Payment Information Fraud, Liability Shift May Impact States
There has also been action by the private sector to coincide with the Executive Order - primarily regarding online payment concerns. Visa announced the "tokenization" of credit card numbers for online transactions, making it more secure. This may impact how states receive and store payment information. In addition, states need to be aware of an upcoming liability shift at the end of October. Starting in October, entities utilizing the traditional "swipe and sign" approach to collecting and storing payment information will be liable for the cost of an information breach. This is an effort to quickly move the United States into the more secure "chip and PIN" credit card technology that has been the standard in most other nations for some time. President Obama took action to move federal agencies toward adoption of "chip and PIN" cards and terminals this past October.

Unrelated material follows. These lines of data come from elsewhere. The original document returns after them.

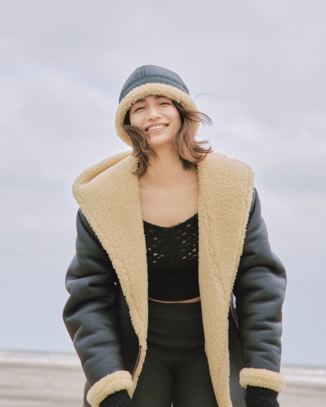 ムートンコート¥418,000、ニット¥62,700、パンツ¥63,800、ハット¥61,600(全てフミカ_ウチダ/クリフ)
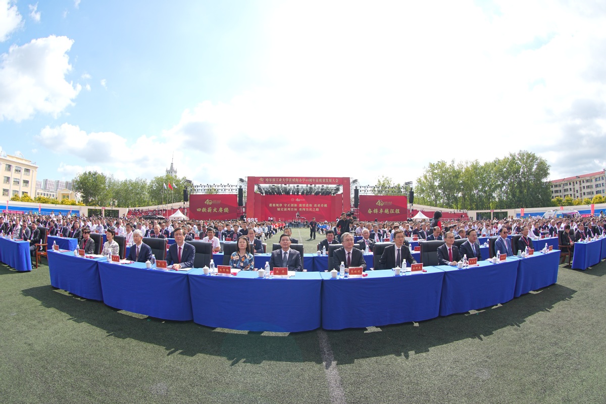 哈工大党委书记陈杰,校长韩杰才,常务副校长孙雪,校党委副书记、纪委书记刘彦辉,副校长沈毅、黄玉东,杜善义院士、曹喜滨院士,校党委常委、组织部部长李明江,校长助理、威海校区校长谭忆秋,原副校长强文义、李绍滨、徐晓飞,以及一校三区校友代表、学校中层干部和师生代表、海内外校友和社会各界代表出席会议。
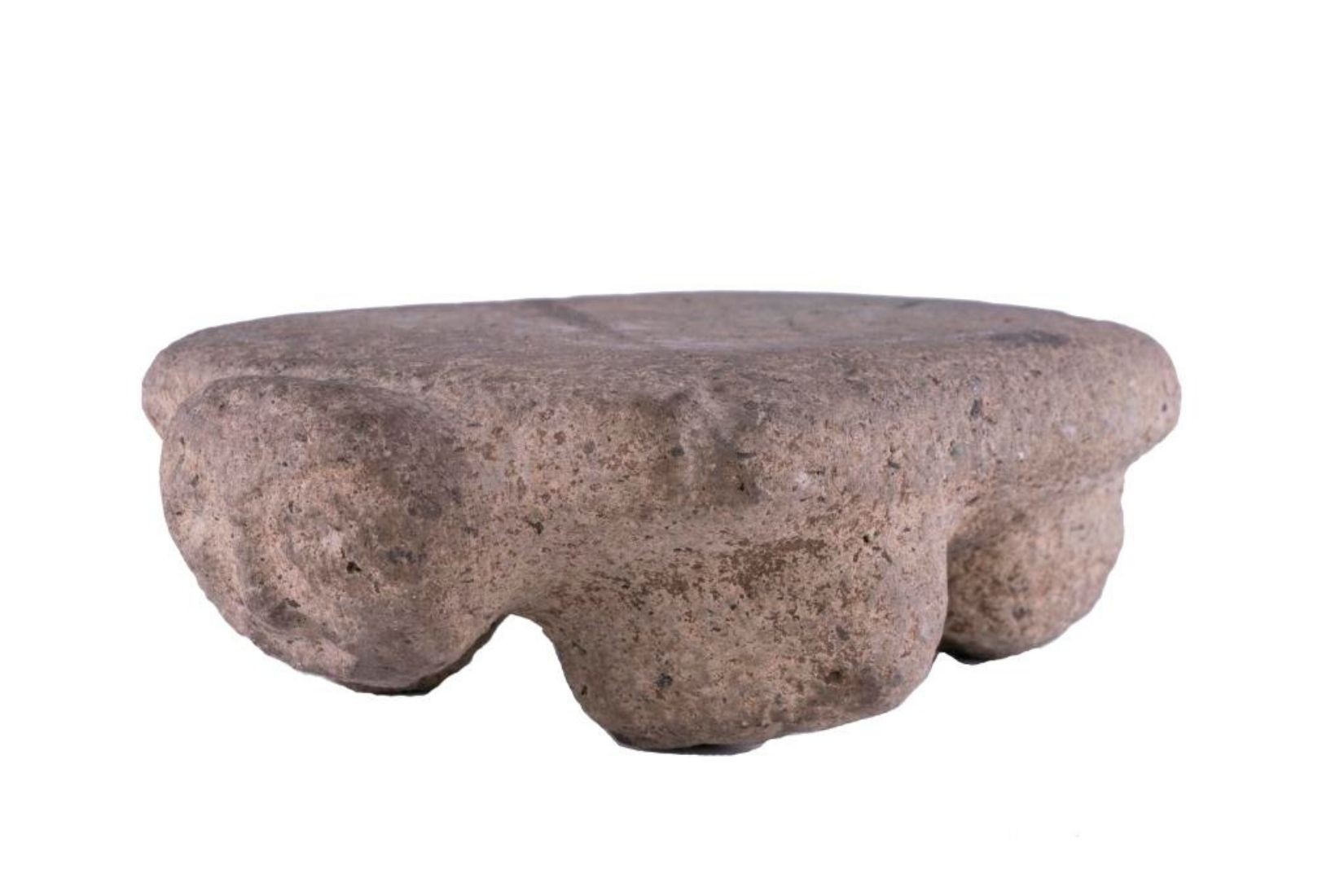 Metate prehispánico de piedra volcánica. Artesano desconocido. Puebla. Col. María Teresa Pomar. (Foto: EKV).
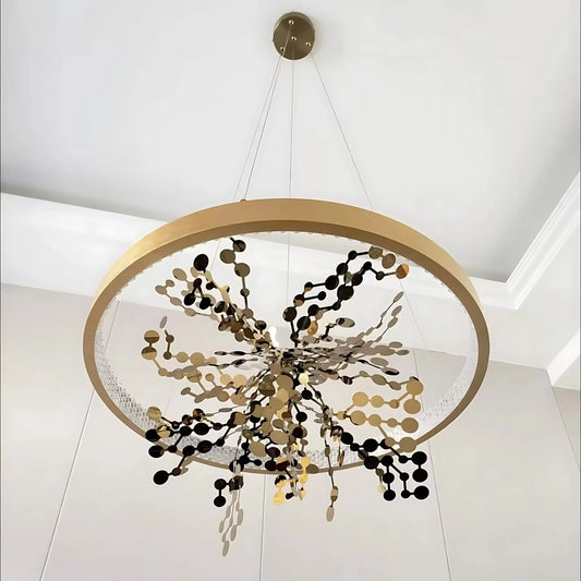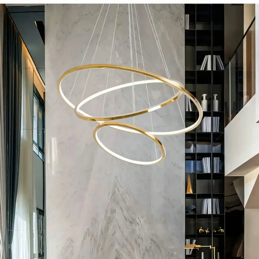 Lustre LED Salon Moderne Noir Or 3 Anneaux Suspendu Intensité Variable
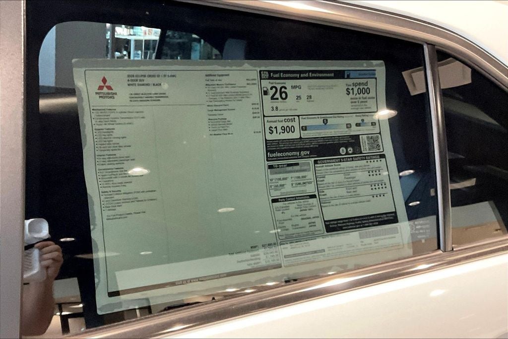 This 2026 Mitsubishi Eclipse Cross ES in White Diamond comes with the following features: 1.5L I4 DI Turbocharged DOHC 16V LEV3-ULEV125 152hp CVT 4WD Welcome Package (Carpet Floor Mats and Reversible Cargo Mat), 4 Speakers, 4-Wheel Disc Brakes, ABS brakes, Accessory Cargo Management System, Accessory Eclipse Cross All-Weather Floor Mat Set, Accessory Tonneau Cover, Air Conditioning, Alloy wheels, AM/FM radio, Android Auto & Apple CarPlay, Automatic temperature control, Brake assist, Bumpers: body-color, Cloth Fabric Seating Surfaces, Driver door bin, Driver vanity mirror, Dual front impact airbags, Dual front side impact airbags, Electronic Stability Control, Exterior Parking Camera Rear, Four wheel independent suspension, Front anti-roll bar, Front Bucket Seats, Front Center Armrest, Front fog lights, Front reading lights, Heated door mirrors, Illuminated entry, Knee airbag, Low tire pressure warning, Occupant sensing airbag, Outside temperature display, Overhead airbag, Overhead console, Panic alarm, Passenger door bin, Passenger vanity mirror, Power door mirrors, Power steering, Power windows, Radio data system, Radio: AM/FM 8.0 Smartphone-Link Display Audio, Rear anti-roll bar, Rear seat center armrest, Rear window defroster, Rear window wiper, Remote keyless entry, Security system, Speed control, Speed-sensing steering, Split folding rear seat, Spoiler, Steering wheel mounted audio controls, Tachometer, Telescoping steering wheel, Tilt steering wheel, Traction control, Trip computer, Turn signal indicator mirrors, Variably intermittent wipers, and Wheels: 16 x 6.5J Two-Tone Alloy.
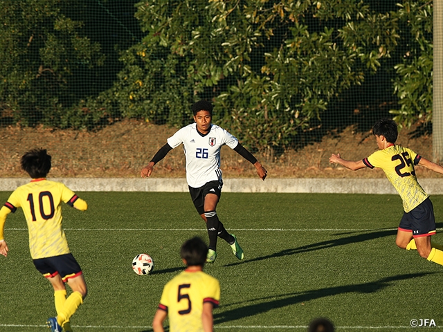 今日の試合ではサイドの崩しを意識して試合に入ったのですが、斉藤選手の得点の場面ではうまく真ん中で、4、5人がからみながら相手を崩して取れたゴールだったので、良かったと思います。AFC U-19選手権まであまり時間がない中で、一つひとつのトレーニングに集中して、今日の試合で出た課題をすぐに洗い出して次につなげていきたいです。特に自分が感じた課題の一つとしてはボールを取られた後、カウンターを受ける場面もあったので攻守の切り替えの早さだと思います。ピッチ外では新型コロナウイルス感染防止のため、一人で部屋で過ごす時間も多い中、なかなかコミュニケーションが取りづらいので、チームメイトとはピッチ上でより細かなコミュニケーションを取りながらやっていきたいと思います。

Looming DHS Shutdown Could Impact NCCIC
Congress has until February 27 to pass legislation to fund the Department of Homeland Security (DHS), or face yet another federal agency shutdown. Currently, legislation is hung up in the Senate due to riders on the bill that would undo recent executive actions on immigration. While the department's cybersecurity personnel are generally exempt from furlough, DHS Assistant Secretary for Cybersecurity and Communications Andy Ozment testified last week before the House Homeland Security Committee that a shutdown would lead to the furloughing of 140 staff supporting the National Cybersecurity and Communications Integration Center (NCCIC).

FAA Issues Commercial Drone Rules
The Federal Aviation Administration (FAA) released proposed rules regulating commercial use of unmanned aerial systems (UAS), better known as drones. The rules are up for 60 days of public comments, but will likely not be decided for some time afterward. State and local agencies will continue to be able to obtain a Certificate of Waiver or Authorization (COA) from the FAA to operate drones. More information can be found at https://www.faa.gov/uas/.

National Governors Association Winter Conference to Include Technology Focus
The National Governors Association (NGA) Winter Meeting will take place in Washington, DC the weekend of February 20. Conversations will include the role of state government in defending against cyber threats, and how to respond to a significant cyber-attack. It is expected that the NGA will discuss the statewide response, including the potential role of the National Guard. In addition, the conference will likely highlight the NGA Chair initiative "Delivering Results." As Chair of the association, Colorado Governor Hickenlooper is using this initiative as a means to highlight innovative practices, including the use of emerging technologies to improve government services.
Get to Know the NASCIO Team
Meet Our Newest Members
New Chief Information Officers:
  • Mark Myers, Director, Arkansas
  • Tom Baden, Commissioner and Chief Information Officer, Minnesota
New Corporate Members:
  • Akamai Technologies
  • Apptio
  • Computer Sciences Corporation (CSC)
  • Kronos
  • KSM Consulting
  • Robots and Pencils Inc
  • SHI International Corp
Committee and Working Group Updates
The Broadband and Telecommunications Committee last met January 27 and was joined by guest speaker Kate Dumouchel, special counsel for the Federal Communications Commission (FCC). Dumouchel explained the recent actions by the FCC to reform the "E-rate" broadband for schools and libraries program and the reforms' implications for the states.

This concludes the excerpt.